Выбрать главу

Я думаю, братья Стругацкие были весьма заинтересованы в том, чтобы современные аллюзии были прочтены правильно. Появление в их творчестве фантастических масок, направленных на критику общественных явлений, представляющих смертельную опасность для будущего королевства свободы, явлений, ширящихся не где-то далеко в капиталистических странах, а на собственном дворе, — было логическим продолжением принятия позиции «общественной службы предостережения». Я думаю также, что культурный советский читатель не имел ни малейших трудностей с обнаружением в арканарских событиях аллегорий судьбы российской и советской интеллигенции, массово уничтожаемой во времена правления Сталина или же подвергающейся различным преследованиям. Читатель именно культурный, ибо иной мог и не знать ничего об этих делах. Если же знал и аллюзии прочел — в процитированном монологе Руматы имел возможность обнаружить попытку анализа исторической роли сталинизма в его отношении к интеллигенции и прямое предостережение о том, чем мог бы кончиться для СССР рецидив, что конечно же имело значение в то время, если учесть личные недоразумения Хрущева с интеллигенцией[44]. Такой читатель получал также духовное наслаждение при прочтении многочисленных колкостей. Приведу пример из теории литературы — с собственного двора.

Среди жертв репрессий оказался Гур Сочинитель, создатель первого в арканарской литературе светского романа о любви принца и прекрасной варварки. Этот Гур «после беседы в кабинете дона Рэбы понял, что арканарский принц не мог полюбить вражеское отродье, сам бросал на королевской площади свои книги в огонь…»{{3, 337}}. Аллюзия скрыта в упоминании о «вражеском отродье», которое могло читателю напомнить об «охоте на космополитов» 1948–1953 годов, и в дальнейших рассуждениях Гура о литературной правде: «Что такое правда?.. Принц Хаар действительно любил прекрасную меднокожую Яиневнивору… <…> Ее действительно отравили… Но мне объяснили, что это ложь… Мне объяснили, что правда — это то, что сейчас во благо королю… Все остальное ложь и преступление»{{3, 350–351}}. Как видим, по мнению дона Рэбы «правдивое» в литературе не означает «в соответствии с опытом субъекта», а «правдивое с исторической точки зрения», «типичное» (я использую, в отличие от Гура, современный язык). Совершенно так же, как в вульгарном варианте теории социалистического реализма и недавней как советской, так и польской издательской практике, обрекающей на несуществование факты несомненные, но невыгодные.
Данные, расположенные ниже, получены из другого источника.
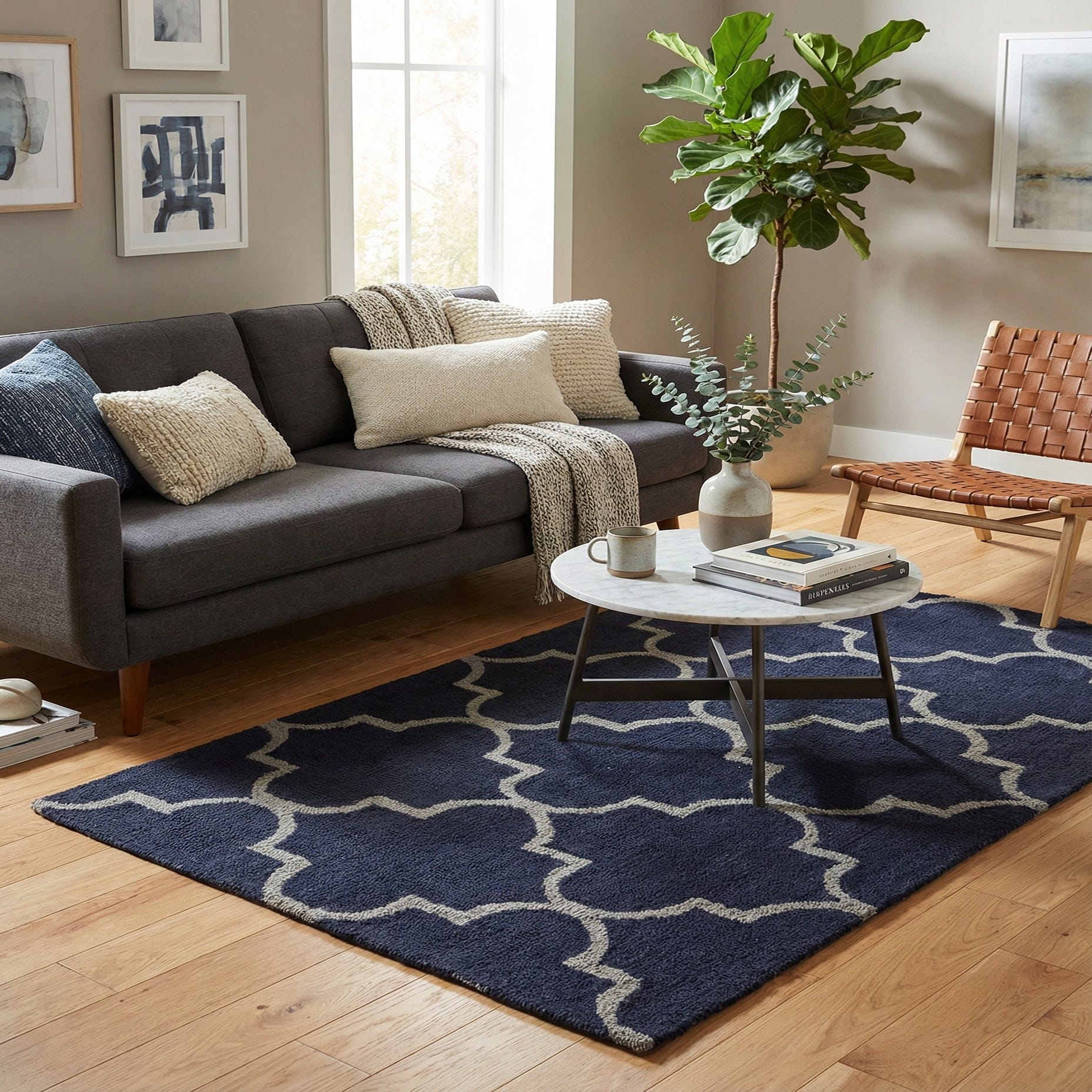 A 3x5 rectangular navy blue rug with a light gray geometric quatrefoil pattern, featuring a high pile.
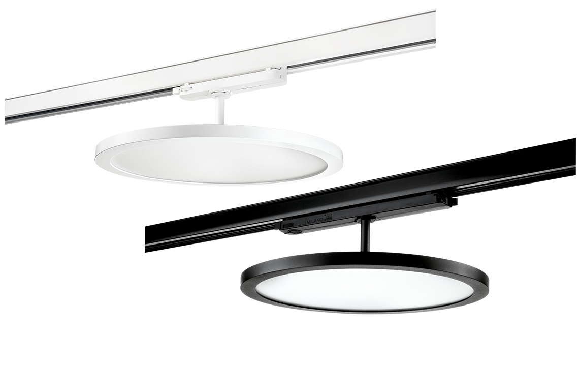 Armatur til almen belysning til trefasede ShopLine-skinnesystemer. Det kan endda bruges med andre skinnesystemer, der passer til Global-adaptere.Stilfuld, tynd skive med opal prismatisk front, der retningsbestemmer lyset og sikrer lav blænding. Driveren er integreret i skinneadapteren.

А менее информированный читатель? Он также имел свою минуту тихого счастья, читая о всемогущих в Арканаре доносительстве и страхе, знакомясь с механизмами исполнения власти, провокациями и т. п. — все это напоминало ему недавний опыт. Но при одном условии! — если он не трактовал действительность Арканара «серьезно», как «научный» анализ настоящего средневековья.

Как видим, трактовка фантастического мира произведения как «научного» стала приобретать фатальные последствия для понимания содержания, вкладываемого Стругацкими в книги. В случае «Далекой Радуги» — обеднение, в случае «Трудно быть богом» — прочтение этого славящего бунт человеческого духа произведения совершенно наоборот (мораль истории Антона) или абсурдно (непонимание «средневековых» аллюзий). Логическим решением, заканчивающим флирт с «научностью», понимаемой как создание по-марксистски правдоподобного будущего, было творение мира, неправдоподобного с точки зрения официальной философии властей. Мира, тем самым не обещающего серьезной трактовки. Как «фон» он не помешал бы понимать смысл разыгрывающейся в его рамках человеческой драмы (впрочем, этой возможностью Стругацкие не воспользовались), как носитель актуальной аллюзии он убедительно показывал бы свою природу.

вернуться

44

В беседе с «люденами» Борис Стругацкий рассказывал, что «недоразумения» Хрущева с интеллигенцией в 1962–63 годах действительно резко повлияли на мировоззрение авторов «Трудно быть богом». И роман, первоначально задумывавшийся как развлекательно-мушкетерский, в процессе написания приобрел явственную гражданскую позицию. — Прим. перев.